_What the task asks_. Look at the data below and print exactly the lines from its first line through the line with "前一天在溫泉處已見識到住宿飯"; the pictures stay out of the copy.

################

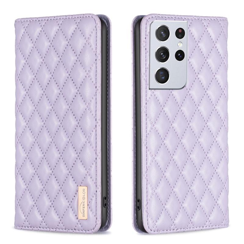 Θήκη τηλεφώνου Samsung Galaxy S21 Ultra 5G Diamond Lattice Magnetic Leather Flip (Μωβ)
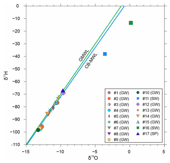 Stable isotopic composition of the collected water samples. GMWL: δ2H = 8 × δ18O + 10; CB-MWL: δ2H = 7.9 × δ18O + 3.9.
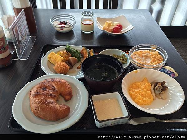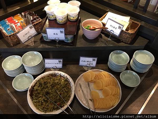 前一天在溫泉處已見識到住宿飯店人潮之多,光是淋浴就得等上一輪,這回早餐更是史無前例的誇張,坐電梯一到用餐的2樓處,才7點鐘,一圈圈的人潮已排到電梯口。遇到同行者是6:30前來排隊,也大致相同,沒有等上近一個小時,很難用到餐,所以熱門旺季前來時,可能也要有心理準備。
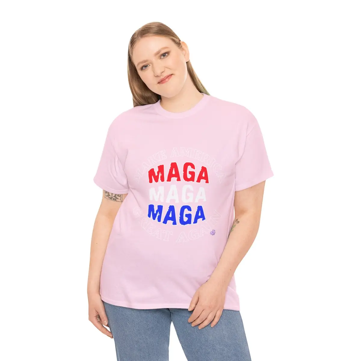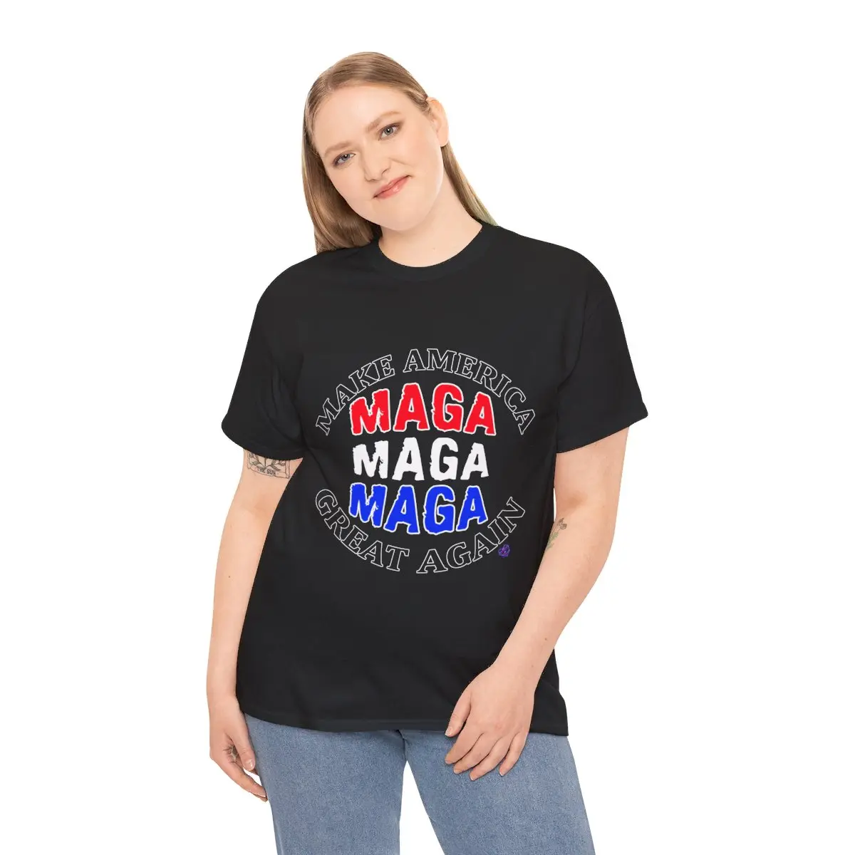 Stand out, blend in or speak out your mind using these comfortable customized MAGA t-shirts available in multiple colors, styles and sizes. It has a classic fit with thick cotton fabric.
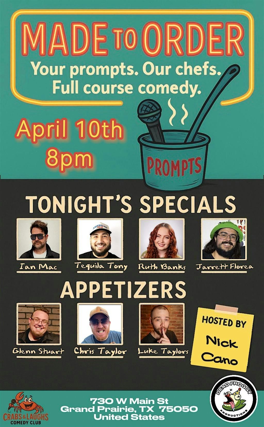 This show will be held at Crabs and Laughs Comedy Club, located upstairs in Mariscos La Reyna #7. It is sure to be a great nights of laughs and good food!
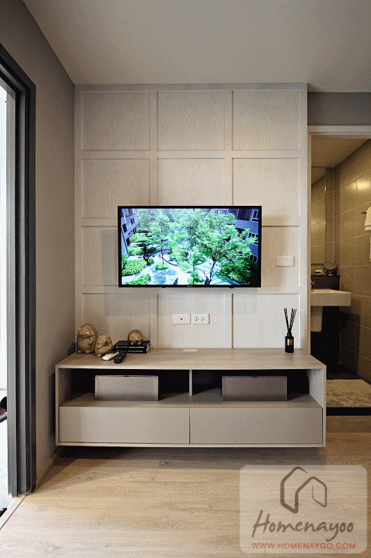 มองไปทางชั้นวางทีวี Built in ชั้นวางของใต้ทีวีมาให้ ของจริงได้ตามนี้ ด้านข้างเป็นประตูห้องน้ำ

################

_Written answer_.
 Θήκη τηλεφώνου Samsung Galaxy S21 Ultra 5G Diamond Lattice Magnetic Leather Flip (Μωβ)
 Stable isotopic composition of the collected water samples. GMWL: δ2H = 8 × δ18O + 10; CB-MWL: δ2H = 7.9 × δ18O + 3.9.
 前一天在溫泉處已見識到住宿飯店人潮之多,光是淋浴就得等上一輪,這回早餐更是史無前例的誇張,坐電梯一到用餐的2樓處,才7點鐘,一圈圈的人潮已排到電梯口。遇到同行者是6:30前來排隊,也大致相同,沒有等上近一個小時,很難用到餐,所以熱門旺季前來時,可能也要有心理準備。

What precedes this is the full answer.